Regarding the alignment of the spine, i think some people exaggerate it.  When I am helping one of the new students I sometimes describe it as "tucking in the tailbone" vs a "pelvic tilt" because some students, when they hear the later, thin k "pelvic thrust" like they are doing the "Time Warp"


----------



## anerlich (Feb 22, 2017)

This is not a problem unique to Wing Chun. Jiu Jitsu with all the guard work can lead to kyphosis, the "forward head" posture. The shoulders tend to rotate inwards and the upper back rounds. Poor posture sitting at a desk can do it to you as well.

Do Jiu Jitsu (or, it would seem, Wing Chun) and a desk job and it seems almost guaranteed.

My instructor has always encouraged a straight back in solo practice and drilling. Sparring requires the spinal alignment to be more dynamic and flexible, though always supporting proper structure and base.

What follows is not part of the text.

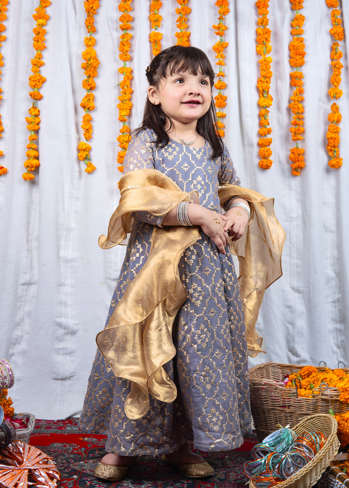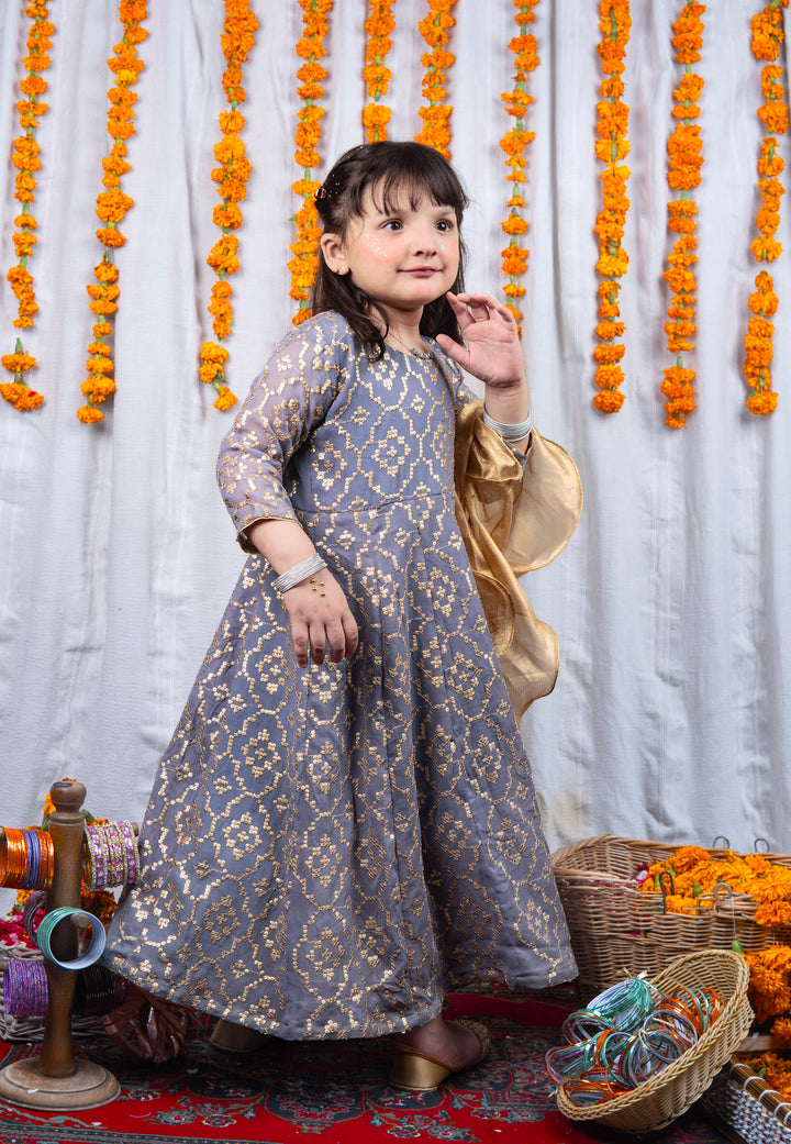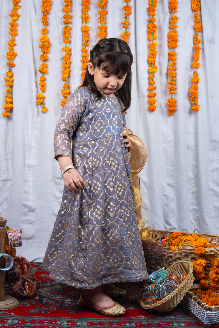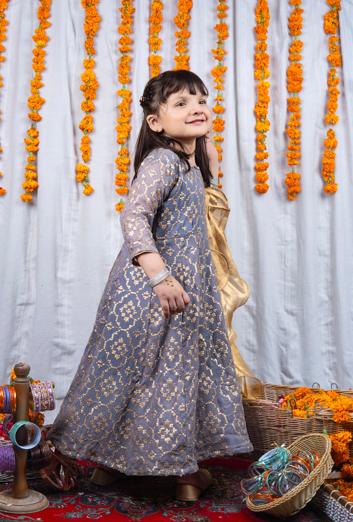 Canvas Kids - Grey Gold Hue Festive Wear Dress For Girls

Other styles intentionally exaggerate the rounded back and hollow chest, ostensibly to allow protection of the centreline and vital organs. Bit of a tradeoff with effective posture for power delivery and long term health IMO. There is a difference between doing something intentionally and doing it unconsciously.

Boxing (and wrestling) does teach hunching the shoulders, but they also teach you to tuck the chin, which stops the worst form of kyphosis, head forward and chin jutting out. A posture which will get you knocked out, but one I see too often from Wing Chun students trying to "get over" their sparmate's hands.

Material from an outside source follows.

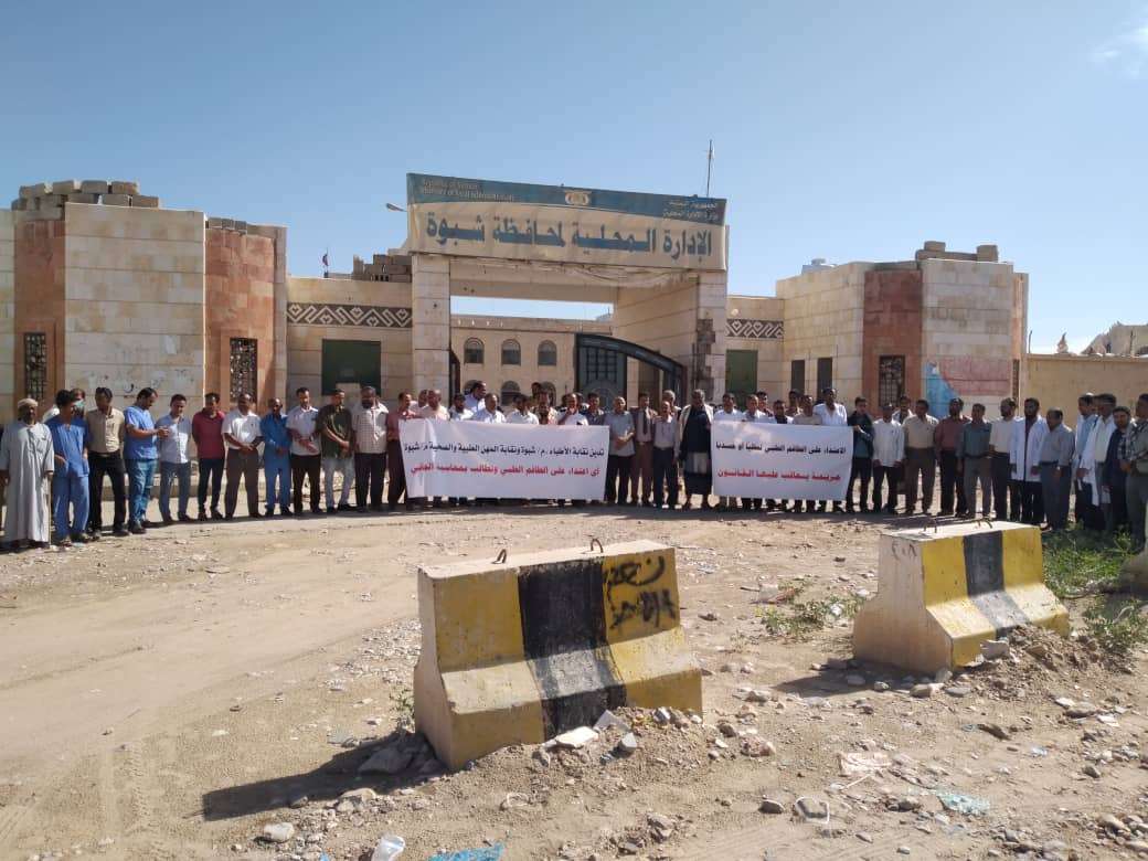 شبوة/ نقابتي الأطباء والمهن الطبية والصحية بشبوة نفذت وقفه أحتجاجية أمام ديوان عام المحافظة

No one said any of this stuff was necessarily ideal for your health.



dudewingchun said:


> Any resources for good mobility exercises? I have that problem.

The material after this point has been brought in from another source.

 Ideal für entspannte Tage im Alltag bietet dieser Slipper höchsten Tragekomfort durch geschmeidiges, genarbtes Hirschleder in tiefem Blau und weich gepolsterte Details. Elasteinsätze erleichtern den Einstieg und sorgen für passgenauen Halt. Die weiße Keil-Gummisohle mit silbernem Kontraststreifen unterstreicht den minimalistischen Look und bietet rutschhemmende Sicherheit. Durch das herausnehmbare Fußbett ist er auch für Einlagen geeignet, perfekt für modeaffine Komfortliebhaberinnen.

Steve Maxwell makes exercises to "undo" kyphosis a cornerstone of many of his seminars and some of his videos. The Official Steve Maxwell Website. In a nutshell:

Yoga sphinx posture with head nods and turns. Also Camel posture and upward/downward dog, or "Hindu" pushups (if you do them with strict form). The sphinx posture is not difficult and you can lie on the floor and watch TV or fiddle with your smartphone or laptop from there for extended periods.


----------



## anerlich (Feb 22, 2017)

Juany118 said:


> Regarding the alignment of the spine, i think some people exaggerate it.  When I am helping one of the new students I sometimes describe it as "tucking in the tailbone" vs a "pelvic tilt" because some students, when they hear the later, thin k "pelvic thrust" like they are doing the "Time Warp"



It seems whatever you tell many beginners about stance, they find a way to exaggerate it and make it immobile, tense and uncomfortable. Like if it doesn't hurt, they are not really training. I'm continually telling students to relax, it's meant to be a stance you can move out of, one comfortable enough to stay in all day.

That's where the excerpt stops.